The HTML fragments are minimal, for instance:

<h1>A post-modern title</h1>

<p>Yes, this could be an entire blog post.</p>

The point is, where do we draw the line on what a static generator is? For this post, I won’t consider a loose collection of specialised scripts to be a static generator. There is no configuration, no convention, no theming ability 2. You can argue that this is what many generators do, but I think that’s beyond the scope of this short post.

Since my static blog is straightforward, with minimal markup, why not create something equally simple for RSS generation? To do so, I’ve decided to go the way of “handcrafted” HTML.

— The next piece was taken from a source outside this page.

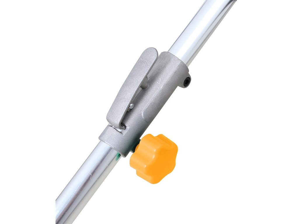 Materiál vodící tyče i dělená hřídel jsou vyrobeny z kvalitní slitiny kovů. Díky dělené hřídeli lze rozložit křovinořez na dvě poloviny – úspora místa při skladování a snadnější transport v automobilu. Pohodlná rukojeť dovoluje více možností uchopení stroje pro práci v různých polohách a s různými nástavci. Rukojeť lze nastavit bez použití nářadí. Komfortní dvojitý popruh na rameno umožňuje pohodlné nastavení podle výšky uživatele.

However, I was accustomed to a static site generator to generate some goodies, such as syndication feeds automatically.

I’ve decided to add an RSS feed to the site, using minimal dependencies (only shell scripting and a couple of universal user-land tools such as grep and cat). This approach has the added benefit that it is applicable to expose other types of data as an RSS feed, such as server and periodic job logs.

We start by adding the feed header to the index.xml:

<?xml version="1.0" encoding="utf-8"?>
<rss version="2.0">
        <channel>

                <title>Rui Vieira's blog</title>
                <description>Rui Vieira's personal blog</description>
                <link>https://ruivieira.dev/</link>
                <lastBuildDate>$(date)</lastBuildDate>
EOF

The RSS 2.0 specification3 is quite simple in terms of the minimum requirements for a valid feed. The mandatory “header” fields are:

  • title, the name of the channel.
  • link, the URL to the HTML website corresponding to the channel.
  • description, phrase or sentence describing the channel.

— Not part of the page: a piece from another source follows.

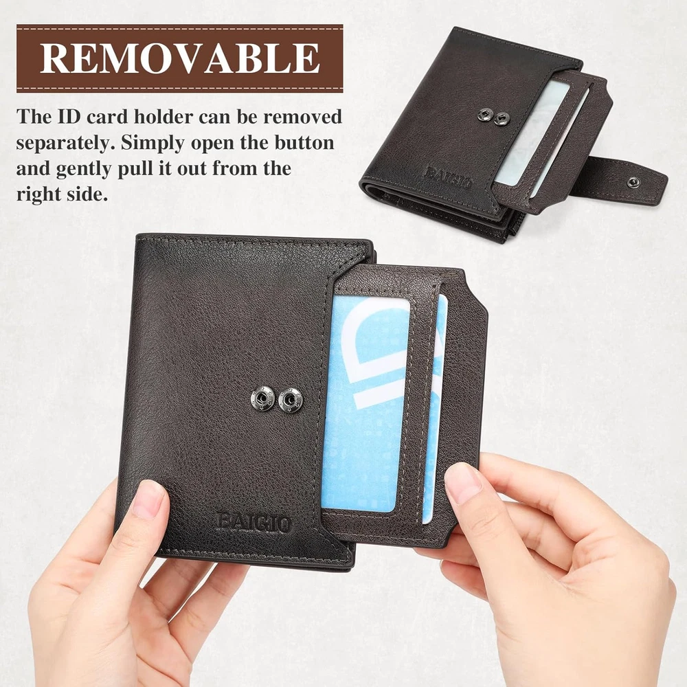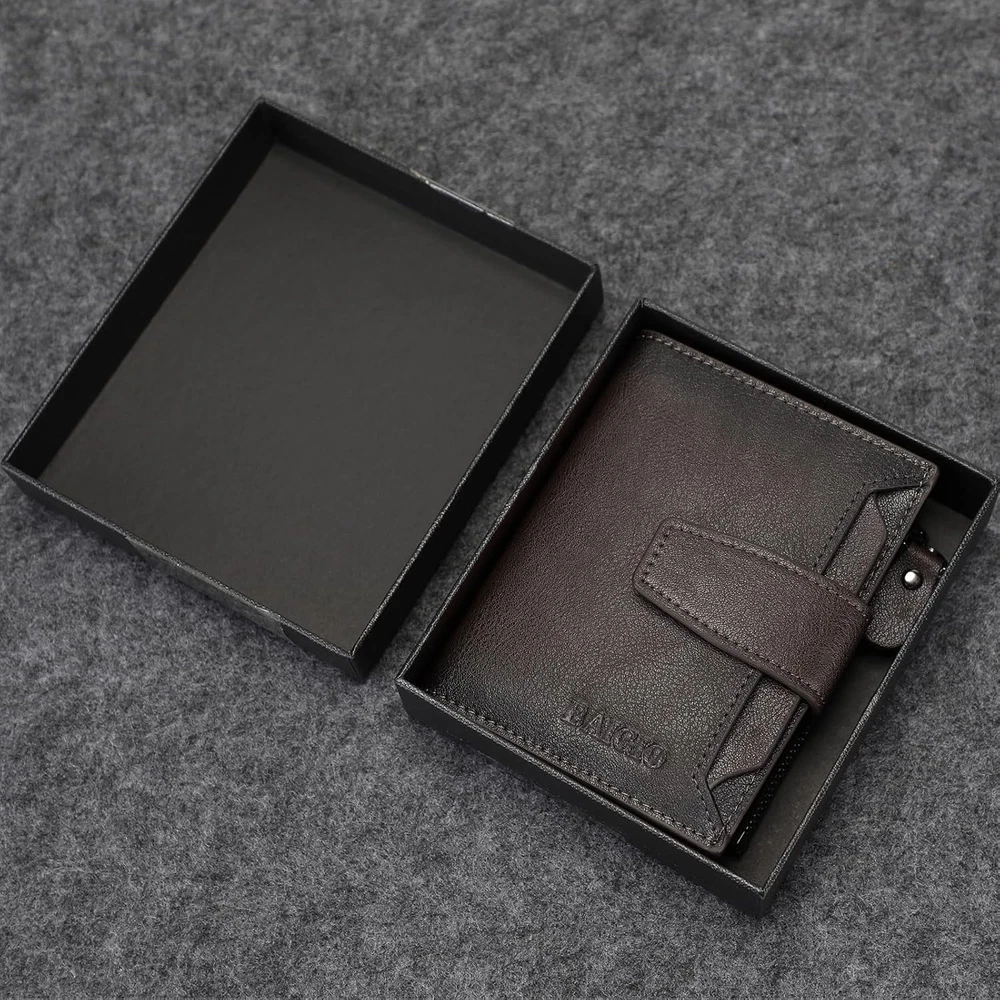 Genuine leather: This genuine leather wallet for men made from the best layer cowhide material.It make the men's leather wallet has a natural character that excellent breathability,durable surface and pure grain. And the wonderful zipper wallet for men give us a elegant style. Rfid blocking: This men's leather wallet is equipped with advanced RFID SECURE technology. Inside the men's wallet is a unique chip made of a metal composite material specifically designed to block RFID signals at 13.56 MHz and above. This multi-functional wallet for men protects your information from unauthorized scanning. Capacity display: This men's wallet has 18 card slots for credit cards, debit cards, bank cards, ID cards and more; 2 large bill compartments for cash, bills, receipts and coupons; 1 zippered pocket for coins; and finally 2 clear ID windows ideal for your driver's license.Men's zipper wallet measures 5.12 x 3.94 x 1.18 inches. The small size large capacity men's wallet can be carried in a shirt pocket or bag. Multifunction: The perfect organizer for cash/coins/ID card/credit card/SD card/receipts etc. From casual to business, it is perfect for travel or daily use. The zipper design of this leather wallet also protects your privacy from dust. Complimentary beautiful box: This high quality wallet is perfect as a memento for groomsmen, birthdays, Father's Day, Christmas and other special holidays. Whenever you have a problem choosing a present for men, this men's zipper wallet will be your best choice. Product Description Genuine Leather Wallet for Men This genuine leather wallet for men made from the best layer cowhide material.It make the men's leather wallet has a natural character that excellent breathability,durable surface and pure grain. And the wonderful zipper wallet for men give us a elegant style. This men's leather wallet is equipped with advanced RFID SECURE technology. Inside the men's wallet is a unique chip made of a metal composite material specifically designed to block RFID signals at 13.56 MHz and above. This multi-functional wallet for men protects your information from unauthorized scanning. This men's short wallet comes with a removable ID card holder. This men's wallet is designed with two slots for metal buckle buttons that can be self-adjusted to the desired wallet tightness. The zipper is smooth and the small zippered pocket is great for storing coins. This men's small wallet is very stylish and the right size to carry in your hand or store in your bag. Complimentary beautiful box This high quality wallet is perfect as a memento for groomsmen, birthdays, Father's Day, Christmas and other special holidays. Whenever you have a problem choosing a present for men, this men's zipper wallet will be your best choice. Leather Wallet for Men Add to Cart Add to Cart Add to Cart Add to Cart Add to Cart Add to Cart Add to Cart Customer Reviews 4.5 out of 5 stars 1,857 4.5 out of 5 stars 1,857 4.5 out of 5 stars 56 4.3 out of 5 stars 10 4.1 out of 5 stars 432 3.9 out of 5 stars 5 4.1 out of 5 stars 432 Price $23.99 $ 23 . 99 $23.99 $ 23 . 99 $30.99 $ 30 . 99 $25.99 $ 25 . 99 $26.99 $ 26 . 99 $27.99 $ 27 . 99 $26.99 $ 26 . 99 Material Genuine Leather Genuine Leather Genuine Leather Genuine Leather Genuine Leather Genuine Leather Genuine Leather Color Black Brown Black Coffee Black Coffee Black Rfid blocking ✔ ✔ ✔ ✔ ✔ ✔ ✔ Style Short Wallet Short Wallet Short Wallet Short Wallet Short Wallet Long Wallet Short Wallet Card slots 9 card slots 9 card slots 10 card slots 11 card slots 12 card slots 7 card slots 18 card slots

In terms of feed items, according to the specification, at least one of title or description must be present, and all remaining elements are optional.

We use the following in this feed:

  • title, the title of the item.
  • link, the URL of the item.
  • pubDate indicates when the item was published.

pubDate needs to conform with RFC 822.

[!INFO] Just as interesting tidbit, RFC 822 (which defines Internet Text Message formats) is one of the core email RFCs. It predates [https://en.wikipedia.org/wiki/ISO_8601]ISO 8601 by six years (1982) and it’s itself based on 1977’s [https://tools.ietf.org/html/rfc733]RFC 733.

We then loop over all the input files to build the RSS entries.

FILES=input/*.html
for FILE in $FILES
do
    FILENAME="${FILE##*/}"
    FILENAME="${FILENAME%.*}"
    # extract title ...
    # write entry to index.xml
done

Using Bash

First, extract the title. The actual title is not inside the <title> tag, but on the first header <h1>.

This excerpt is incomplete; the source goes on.